The reconciliation is heuristic (section boundaries are inferred) — a discrepancy is a lead to inspect, not a verdict. See Linear A → Accounting.

2 · Map a word's distribution

Where does KU-RO occur? Count attestations by find-site, then place them — every aligned site carries a Pleiades id:

from collections import Counter
import aegean
from aegean import geo

corpus = aegean.load("lineara")
sites = Counter(d.meta.site for d in corpus
                if any(t.text == "KU-RO" for t in d.words))
print(sites.most_common(3))   # [('Haghia Triada', 32), ('Phaistos', 1), ('Zakros', 1)]

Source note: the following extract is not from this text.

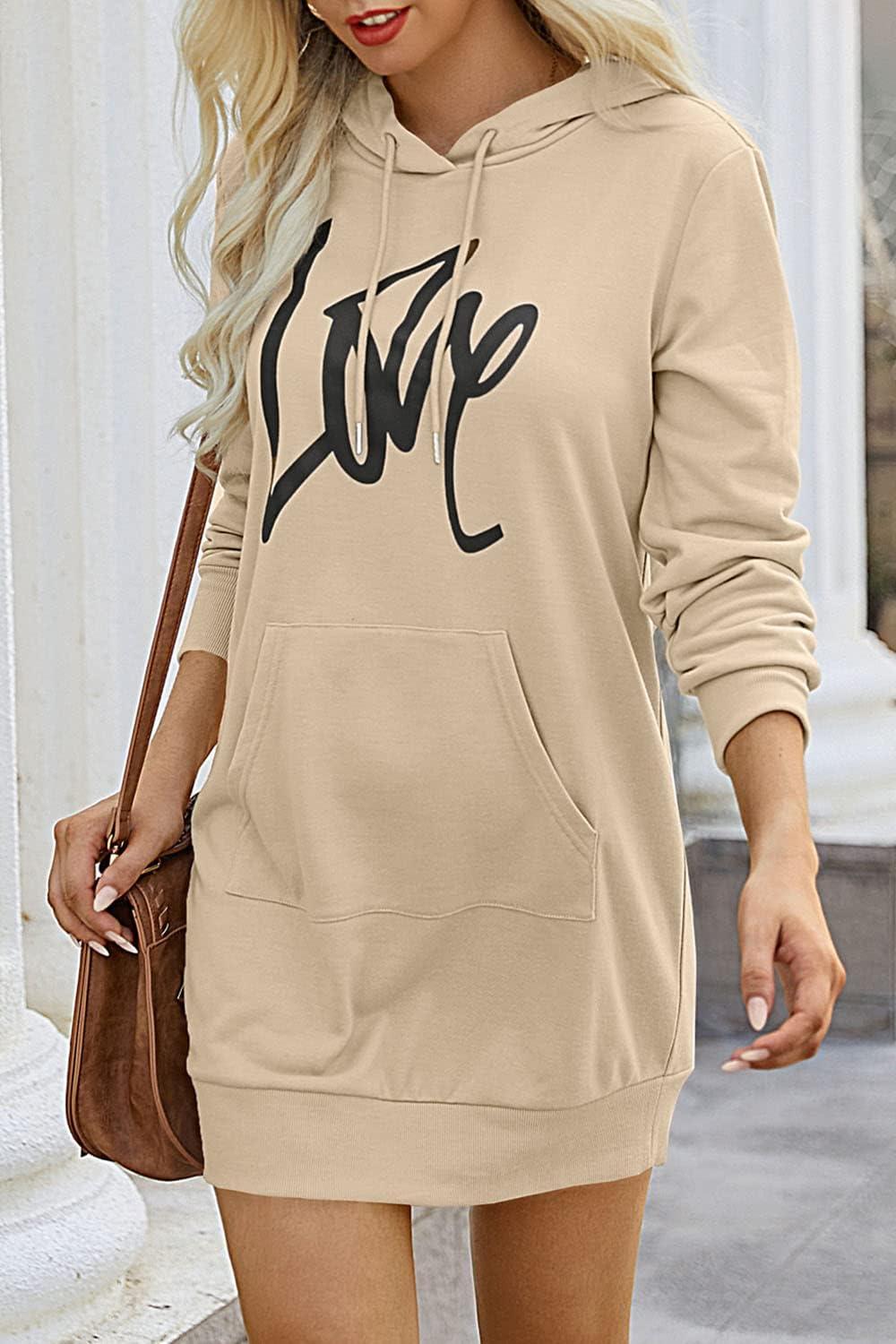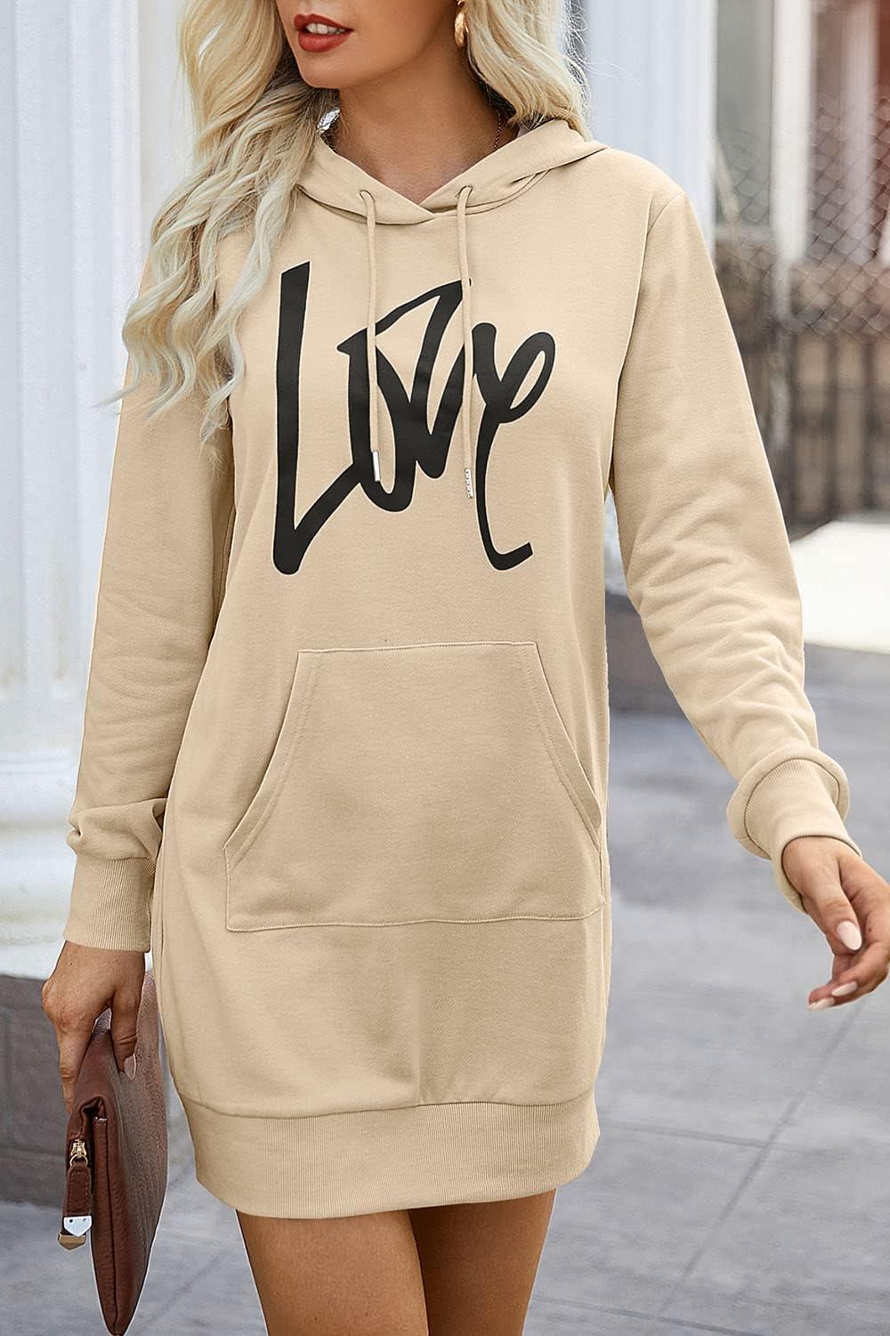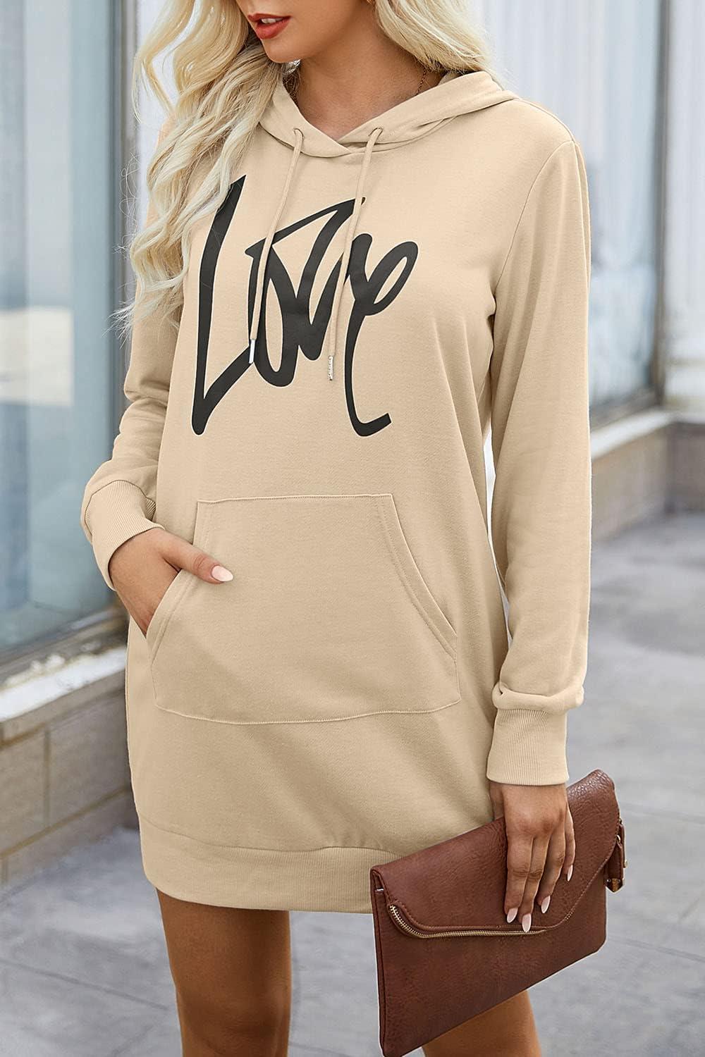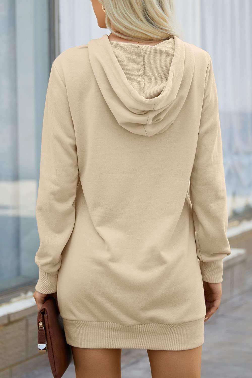 PRETTYGARDEN Women's Hooded Sweatshirt Fall Fashion Drawstring Lightweight Long Sleeve Pullover Hoodie Dress(Light Apricot)

coord = geo.site_coordinates()["Haghia Triada"]
print(coord.lat, coord.lon, coord.pleiades_uri)
# 35.06 24.79 https://pleiades.stoa.org/places/589672

With the [geo] extra (pip install "pyaegean[geo]"), geo.word_distribution(corpus, "KU-RO") returns the same thing as a GeoDataFrame (EPSG:4326) ready for any mapping stack, and aegean geo lineara --output sites.geojson writes GeoJSON from the shell. See Geography.

3 · Lemmatize and cite a chapter

Lemmatize a passage of the Iliad and cite the edition. load_work fetches the complete work (commit-pinned, cached after the first fetch), pipeline runs the whole stack per token:

import aegean

iliad = aegean.greek.load_work("tlg0012.tlg001")     # the Iliad, Perseus edition
doc = iliad.documents[0]                              # Book 1
text = " ".join(t.text for t in doc.tokens[:40])

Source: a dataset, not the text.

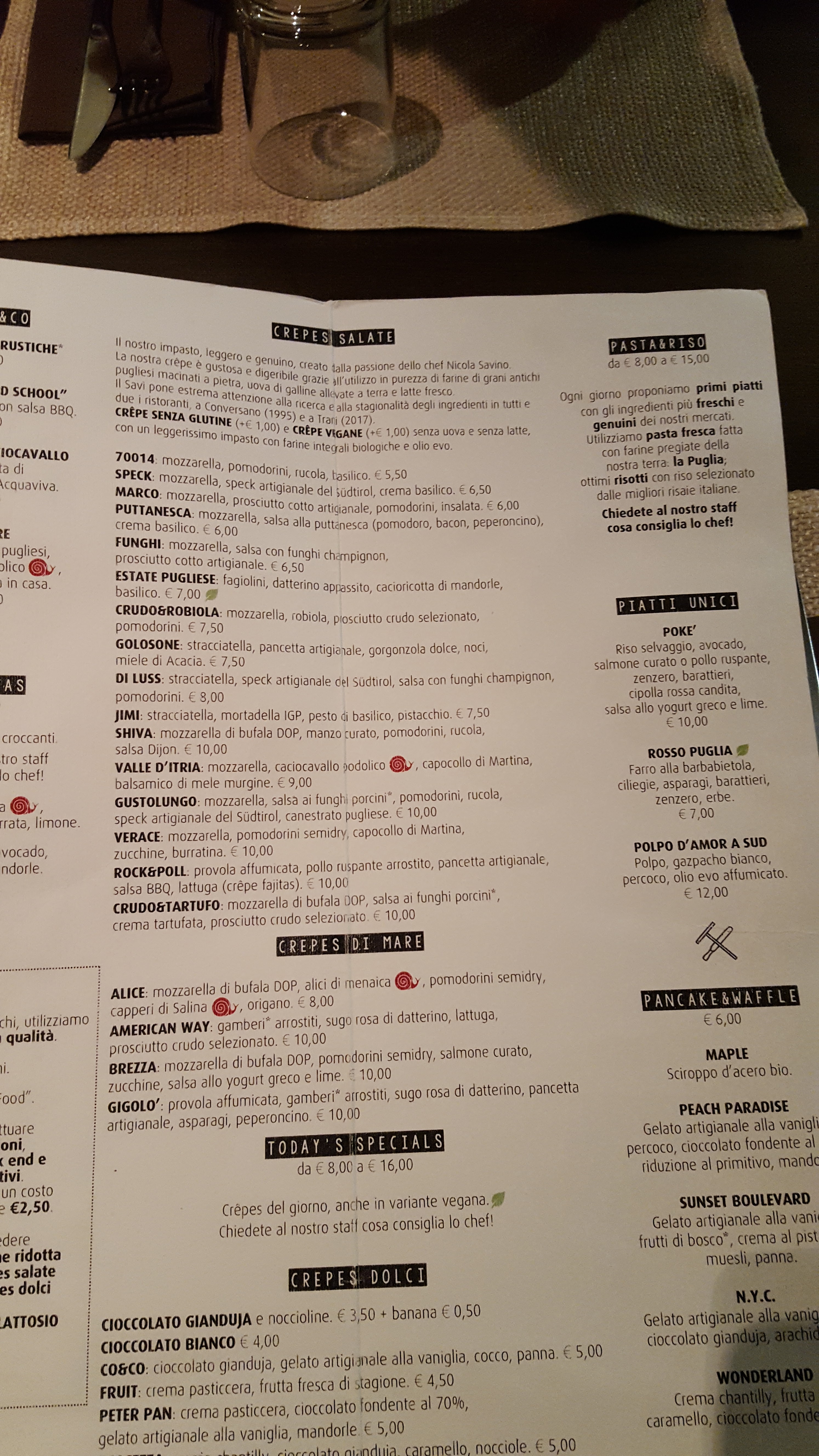 💬 Nous avons dîné ce soir dans cet endroit de Conversano sur la recommandation de quelques proches. Il s'agit d'un établissement affilié à l'AIC (Association italienne de la maladie coeliaque), en effet une grande attention est accordée aux diverses intolérances et aux différents régimes alimentaires. Les propriétaires devraient être récompensés. La carte est assez vaste, depuis les entrées, en passant par les entrées et ensuite les crêpes sucrées et salées. Il y en a pour tous les palais. Nous avons dégusté des crêpes aussi bien sucrées que salées et je suis heureux de constater la taille et l'abondance ainsi que la qualité des matières premières utilisées. L'endroit est très sympa, le service est assez rapide. J'y retournerai certainement avec grand plaisir.

for r in aegean.greek.pipeline(text)[:3]:
    print(r.text, "→", r.lemma)
# μῆνιν → μῆνις · ἄειδε → ἀείδω · θεὰ → θεά

print(iliad.cite())
# Homer. Ἰλιάς. Digitized by the Perseus Digital Library / Open Greek and Latin. — …
aegean greek work tlg0012.tlg001 -o iliad.json       # the work as a corpus file
aegean greek pipeline "μῆνιν ἄειδε θεά" --json       # per-token records

The offline pipeline is the honest baseline; activate --treebank or --neural (the [neural] extra) for attested-gold or state-of-the-art lemmas — see Greek NLP for the measured accuracy of each tier.

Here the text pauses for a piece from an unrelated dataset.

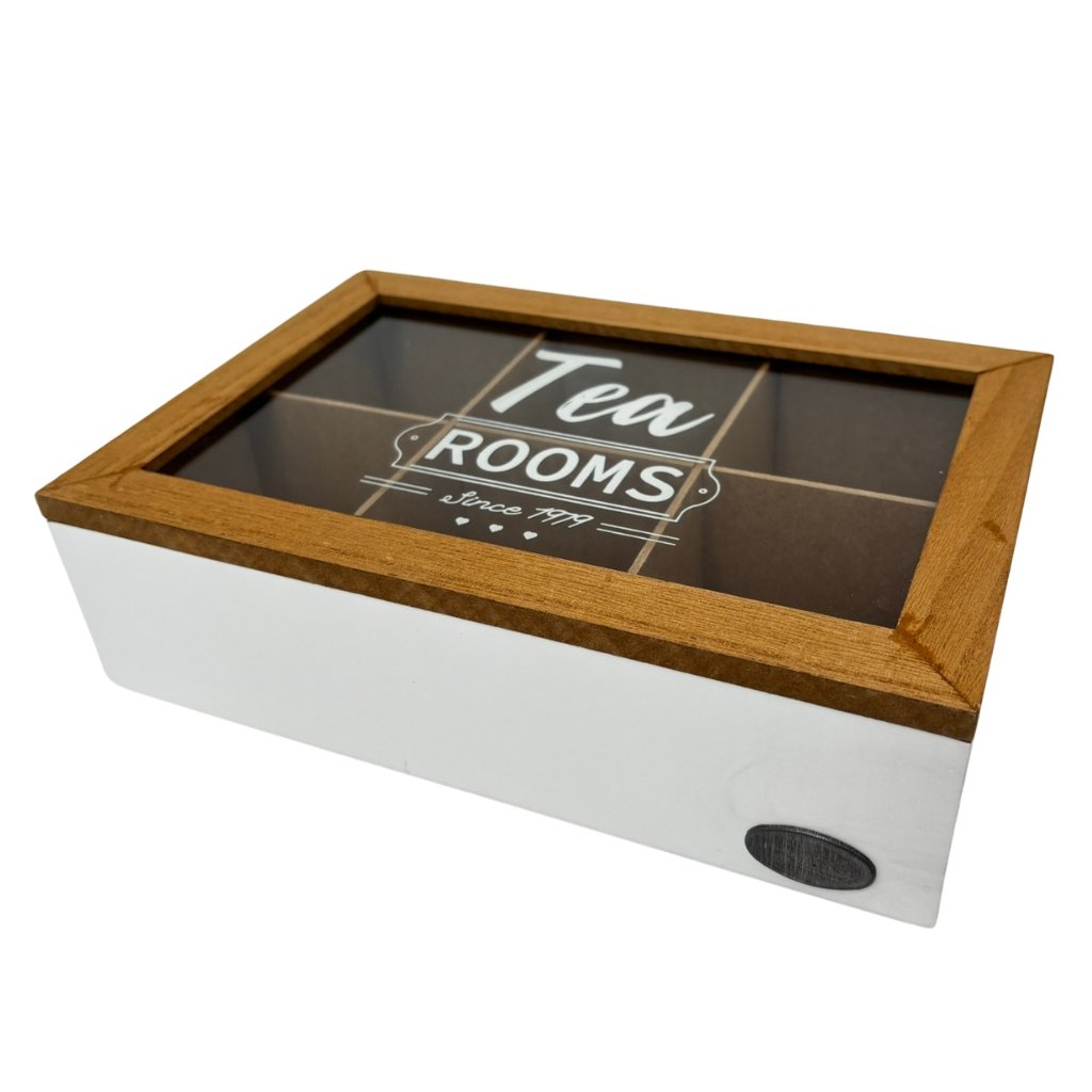 Dóza na čajové vrecúška so šiestimi priehradkami a dreveným vekom so skleneným priezorom, rozmery 24 x 16 x 7 cm, farba biela.

4 · What vocabulary distinguishes a site? (keyness)

What makes the Pylos tablets different from the rest of the Mycenaean corpus? Load the full Linear B corpus (DAMOS, ~5,900 tablets, fetched ~2 MB), split Pylos against everything else, and ask:

import aegean
from aegean.analysis import keyness

damos = aegean.load("damos")
pylos = damos.filter(site="Pylos")
rest = [d for d in damos.documents if d.meta.site != "Pylos"]

for r in keyness(pylos, rest)[:3]:
    print(f"{r.item:10} G²={r.log_likelihood:.0f}  log-ratio={r.log_ratio:+.1f}")
# pe-mo      G²=254  log-ratio=+8.5     ('seed' — the land-tenure series)
# o-na-to    G²=226  log-ratio=+8.4     ('lease plot')
# to-so-de   G²=210  log-ratio=+8.3

print(pylos.cite())   # Aurora (2015), DAMOS … [subset: filter(site='Pylos') …]
aegean keyness damos --site Pylos --top 10
aegean plot keyness damos --site Pylos -o pylos.png

The textbook Ventris & Chadwick land-tenure result surfaces immediately. Read G² (significance) together with the log-ratio (effect size) and aegean dispersion — see Analysis → Corpus statistics.

The same split works by scribal hand (v2 of the corpus carries the DAMOS-curated hand on meta.scribe — 3,945 documents have one): what does the most prolific Knossos scribe write about?

h117 = damos.filter(scribe="117")            # Hand 117: 684 tablets
rest117 = [d for d in damos.documents if d.meta.scribe != "117"]
keyness(h117, rest117)[:5]                   # the hand's characteristic vocabulary
aegean keyness damos --scribe 117 --top 10

5 · Sound-match a syllabic word against Greek

Which Greek word does Linear B qa-si-re-u sound like? Cross-script comparison romanizes both sides to one phoneme alphabet and ranks by weighted distance:

from aegean.analysis import nearest, phonetic_compare

cmp = phonetic_compare("qa-si-re-u", "linearb", "βασιλεύς", "greek")
print(round(cmp.similarity, 2))                    # 0.69
print([(c.a, c.b, c.op) for c in cmp.alignment][0])  # ('q', 'b', 'sub-far') — the qʷ→b reflex

candidates = ["ποιμήν", "βασιλεύς", "πατήρ", "θεός", "δοῦλος"]
print(nearest("qa-si-re-u", "linearb", candidates, "greek", top=2, fold_aspiration=True))
# [('βασιλεύς', 0.31), ('πατήρ', 0.61)] — the true cognate first, by a clear margin
aegean analyze compare qa-si-re-u βασιλεύς
aegean analyze nearest po-me greek --top 5

The ranking is the signal — defective syllabic spelling inflates absolute distances (see the caution in Analysis → Cross-script comparison). The candidate list matters: rank against a lexicon or wordlist relevant to your question, not just whatever corpus is at hand.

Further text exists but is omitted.